I was on my way to Canberra after work on Friday Nite, it was a nice warm nite and i just happened to see something slowly moving off the side of the road. I stopped and went back and this beautiful Burtons Legless Lizard was slowly crawling off the road so i grabbed my camera and snapped some pics. It was a pretty good size, larger than any others ive seen, about 40cm long. I escorted him off the road and only 200 metres further on was another one a bit smaller sitting on the side of the road. By the time i had turned around he had taken off into some leaf litter.


----------



## wizz (Mar 23, 2009)

cool ......i have never found adders after seeing..... *Burtons Legless Lizard* they are never out on the same night*.......
*


----------



## whcasual79 (Mar 24, 2009)

dats some mad pics mate... arent they a beauty


----------



## ryanharvey1993 (Mar 25, 2009)

sweet find, they are something I really want to photograph I have been unsuccesful.... 1 half dead one and one live one when we wernt herping so didnt have torches to find it on the side of the road.


----------



## Jonno from ERD (Mar 25, 2009)

wizz said:


> cool ......i have never found adders after seeing..... *Burtons Legless Lizard* they are never out on the same night*.......
> *



Interesting mate. We found both on the same night between Isa and Cloncurry. Might be a SEQ thing?


----------



## Danielle-S (Mar 25, 2009)

Am sure I have seen one of these in my back yard. Live in Brisbane


----------



## wizz (Mar 26, 2009)

Jonno from ERD said:


> Interesting mate. We found both on the same night between Isa and Cloncurry. Might be a SEQ thing?
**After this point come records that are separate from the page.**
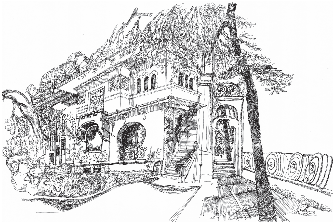
Л.И. Павлова. Москва. Особняк Рябушинского. Рисунок, тушь, перо

Для цитирования: Королева О.Н., Королева Е.Н. Some issues of the integrated development of public transport in the Barnaul agglomeration // Недвижимость: экономика, управление. 2021. № 4. С. 49–52.
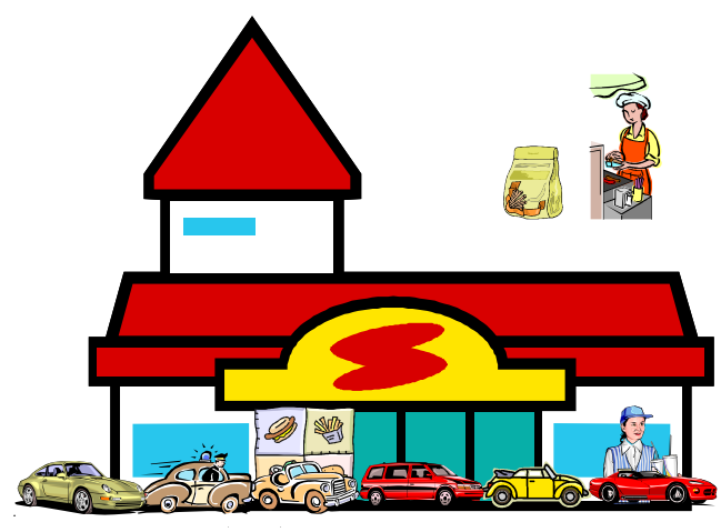
Figure 3: State of the System at Noon

The calendar of this system is made up of the entities that are scheduled to complete an activity with a specific time duration. These entities are Car 1, Car 4, the Order for Car 2, and Car 7. The calendar for these four entities is shown in Table 1.
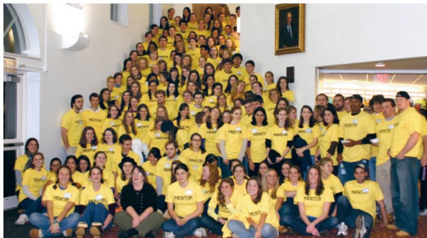
Mentors in Colby Cares About Kids (CCA) pose during orientation last fall.

The success prompted Maine's governor to direct a $500,000 federal grant to replicate the CCAK model at other campuses throughout the state: Bowdoin, University of New England, the University of Maine, and University of Maine campuses in Augusta, Portland, and Lewiston.

on the gold coast that is jonno....it may just be my luck .......i only found adders on the coast in jan.....


----------



## taylor111 (Mar 26, 2009)

coolo i saw one of them today


----------



## Noongato (Mar 26, 2009)

Only ever seen one in my life. It was squashed on a little road at Mookerawa, thats pronounced (Muckerwar) Dam..


----------



## wizz (Mar 26, 2009)

taylor111 said:


> coolo i saw one of them today


do you have pics


----------